Spatial analysis. For imaging data, maps of emission intensity across the body surface can be analyzed for symmetry, regional variation, and correlation with known anatomical or energetic (meridian/chakra) structures.

Coherence analysis. The statistical properties of photon arrival times can be analyzed for coherence — temporal correlations that indicate organized (non-random) emission. This is the most technically challenging analysis and the most theoretically important.

The Significance: Light as Life’s Language

Biophoton research occupies a fascinating position at the intersection of biophysics, consciousness science, and the wisdom traditions. It provides empirical evidence for something that mystics, healers, and seers have described throughout human history: living organisms are beings of light.

This is not a metaphor. It is a measurement. Your cells are emitting photons right now. The coherence of that emission reflects the coherence of your biological state. The emission changes with your health, your emotional state, your meditation practice, your consciousness.

The engineering metaphor is exact: biophotons are the diagnostic LEDs of the cellular operating system. When the system is healthy and coherent, the light emission is ordered and symmetric. When the system is stressed or diseased, the emission becomes chaotic and asymmetric. We are only beginning to learn to read these signals, but the instruments exist, the physics is well-understood, and the data is accumulating.

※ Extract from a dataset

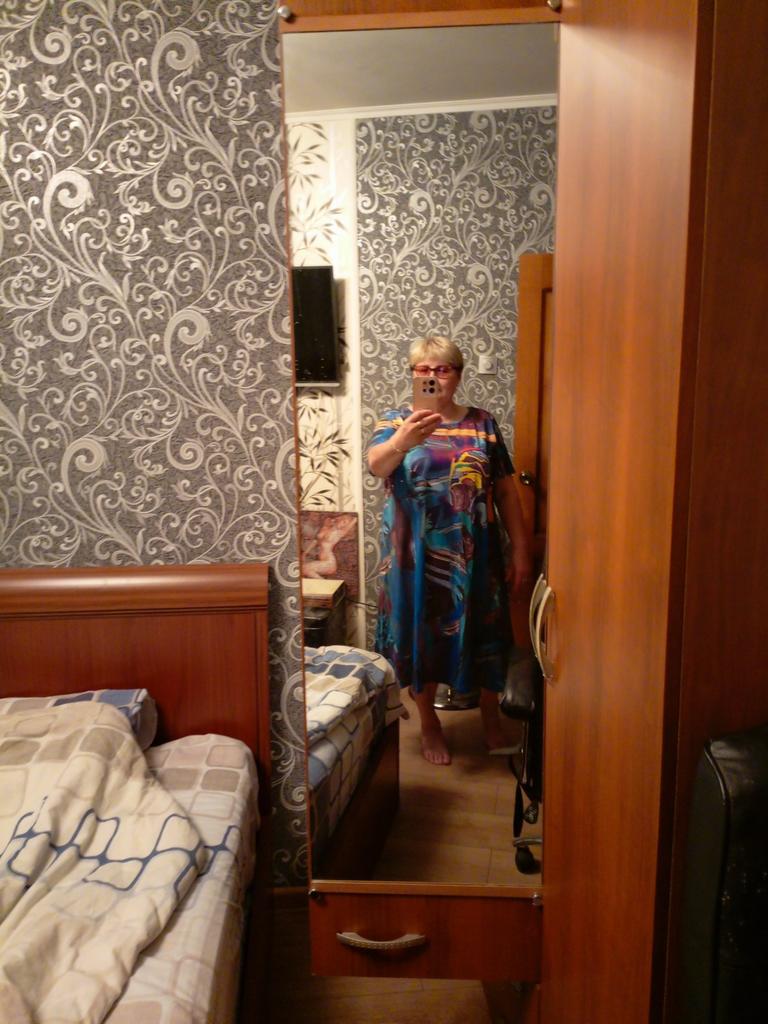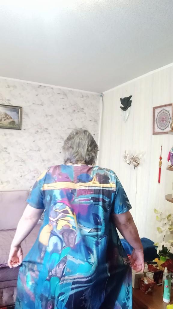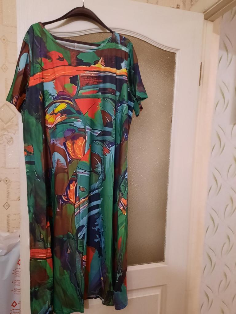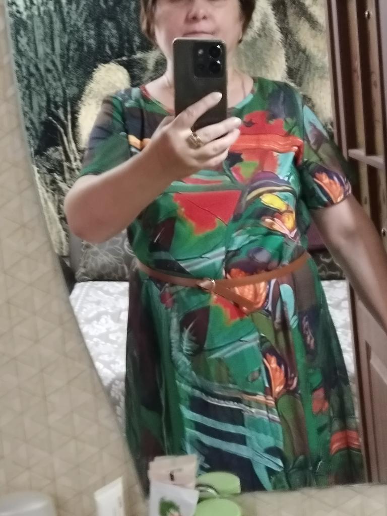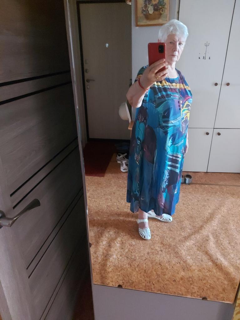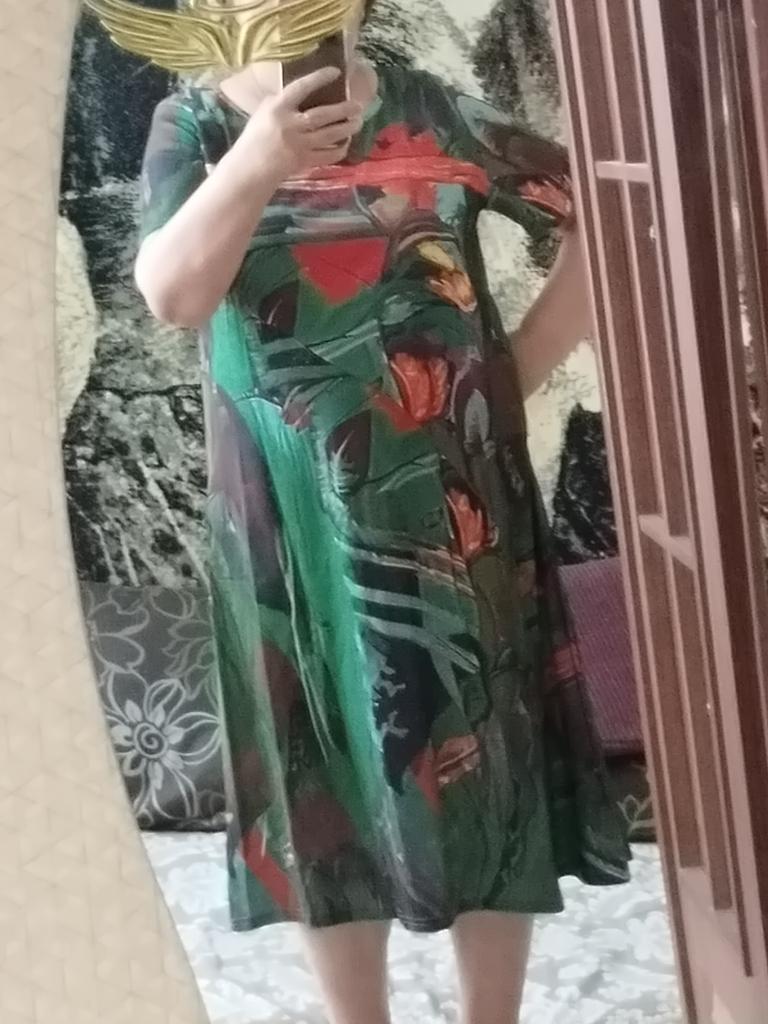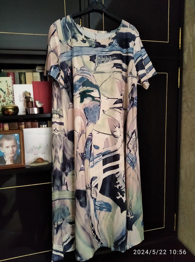 Great dress, beautiful color! I wear size 62-64, loose. The fabric is lightweight tricot, from the past, it doesn’t wrinkle.

The body is a light-emitting machine. The challenge now is to learn what it is saying.

References and Further Reading

Popp, F. A. (2003). Properties of biophotons and their theoretical implications. Indian Journal of Experimental Biology, 41, 391-402.

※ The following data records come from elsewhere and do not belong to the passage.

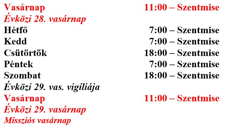 A miserend az alábbiak szerint alakul az október 12. – október 19. közötti időszakban a karcagi Szent István király-templomban.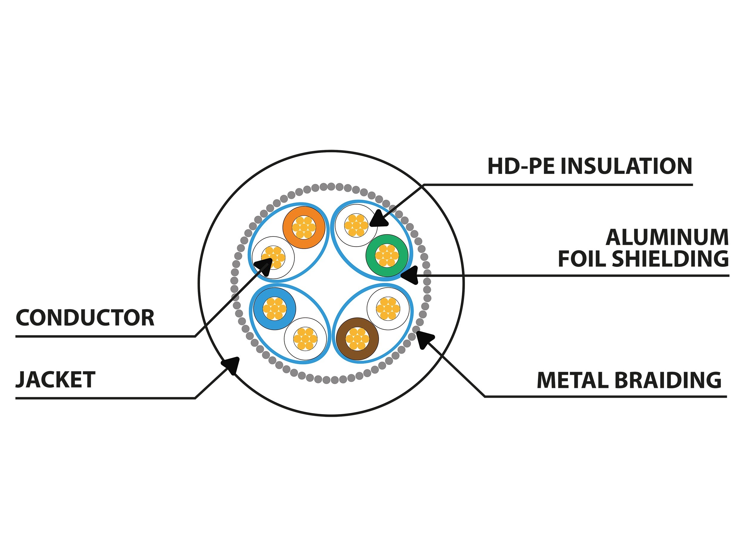 - Shielding type: S/FTP (Braid + each pair foiled)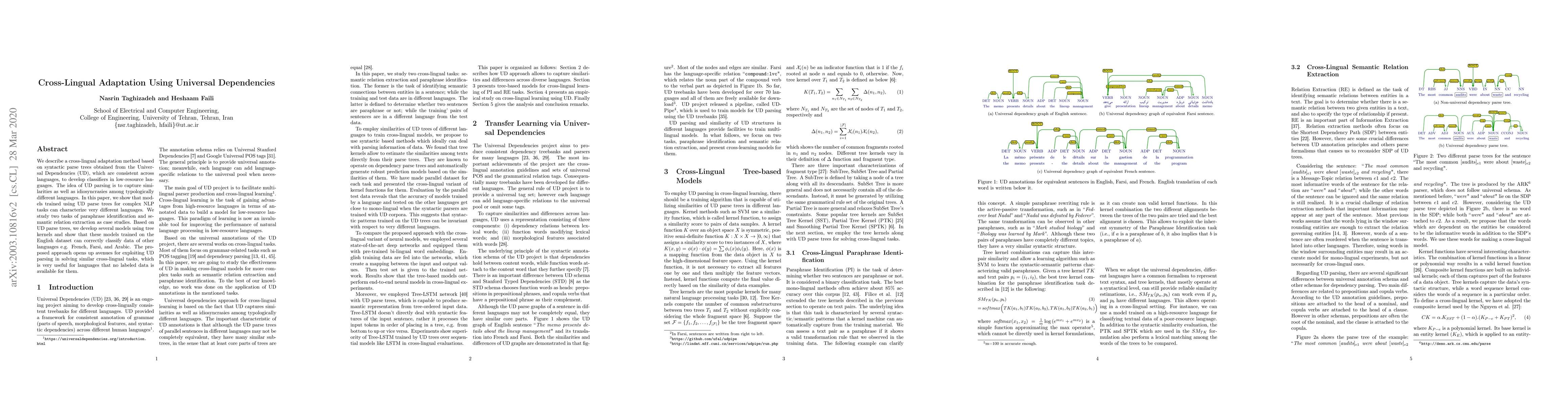 We describe a cross-lingual adaptation method based on syntactic parse trees obtained from the Universal Dependencies (UD), which are consistent across languages, to develop classifiers in low-resource languages. The idea of UD parsing is to capture similarities as well as idiosyncrasies among typologically different languages. In this paper, we show that models trained using UD parse trees for complex NLP tasks can characterize very different languages. We study two tasks of paraphrase identification and semantic relation extraction as case studies. Based on UD parse trees, we develop several models using tree kernels and show that these models trained on the English dataset can correctly classify data of other languages e.g. French, Farsi, and Arabic. The proposed approach opens up avenues for exploiting UD parsing in solving similar cross-lingual tasks, which is very useful for languages that no labeled data is available for them.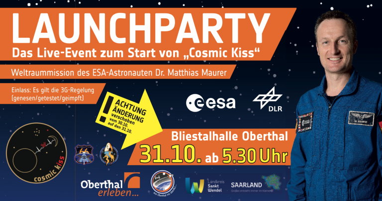 Im Rahmen der Weltraummission #cosmickiss startet Matthias Maurer am 31.10.21 zur ISS. Oberthal und das ganze Saarland feiert seinen Astronauten mit einer öffentlichen Launchparty in der Bliestalhalle am gleichen Tag. „Neben vielen Ehrengästen aus Forschung, Wirtschaft und Politik werden Vertreter der Europäischen Raumfahrt-Agentur (ESA) und dem Deutschen Luft- und Raumfahrtzentrum (DLR) vor Ort sein und viele interessante Aspekte rund um die Mission beleuchten. Neben den vielen Pressevertretern sind auch viele Kamerateams vor Ort, die die Veranstaltung ebenso – teilweise live ins Fernsehprogramm – wie das Radioprogramm des SR3 übertragen. Es gibt tolle Aktionen, ein großes Kinderprogramm sowie viel zu sehen und zu hören. Vor allem aber geht es darum, unseren Saarländer Matthias Maurer zu feiern und live dabei zu sein, wenn er zu seiner Mission startet.“ heißt es in der Infomail. Das Programm verbirgt sich hinter dem Bild – einfach anklicken!

Popp, F. A., & Beloussov, L. (2003). Integrative Biophysics: Biophotonics. Springer.

Van Wijk, R. (2014). Light in Shaping Life: Biophotons in Biology and Medicine. Meluna Research.

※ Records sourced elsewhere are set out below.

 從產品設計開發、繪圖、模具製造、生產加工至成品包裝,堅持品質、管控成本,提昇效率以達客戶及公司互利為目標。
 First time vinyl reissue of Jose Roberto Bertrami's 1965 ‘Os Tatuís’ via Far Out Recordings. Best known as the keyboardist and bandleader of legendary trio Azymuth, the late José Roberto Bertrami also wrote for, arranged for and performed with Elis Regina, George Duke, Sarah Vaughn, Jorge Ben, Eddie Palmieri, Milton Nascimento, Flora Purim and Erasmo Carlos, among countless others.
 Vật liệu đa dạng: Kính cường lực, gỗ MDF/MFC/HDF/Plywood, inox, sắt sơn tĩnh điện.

Van Wijk, E. P. A., Lüdtke, R., & Van Wijk, R. (2008). Differential effects of relaxation techniques on ultraweak photon emission. Journal of Alternative and Complementary Medicine, 14(3), 241-250.

Van Wijk, R., & Van Wijk, E. P. A. (2005). An introduction to human biophoton emission. Forschende Komplementärmedizin, 12(2), 77-83.

Cifra, M., Fields, J. Z., & Farhadi, A. (2011). Electromagnetic cellular interactions. Progress in Biophysics and Molecular Biology, 105(3), 223-246.

Kobayashi, M., Kikuchi, D., & Okamura, H. (2009). Imaging of ultraweak spontaneous photon emission from human body displaying diurnal rhythm. PLoS ONE, 4(7), e6256.

Kumar, S., Boone, K., Tuszynski, J., Barclay, P., & Simon, C. (2016). Possible existence of optical communication channels in the brain. Scientific Reports, 6, 36508.

Salari, V., Valian, H., Bassereh, H., Bókkon, I., & Barkhordari, A. (2015). Ultraweak photon emission in the brain. Journal of Integrative Neuroscience, 14(3), 419-429.

Bókkon, I. (2005). Dreams and neuroholography: An interdisciplinary interpretation of development of homeotherm state in evolution. Sleep and Hypnosis, 7(2), 61-76.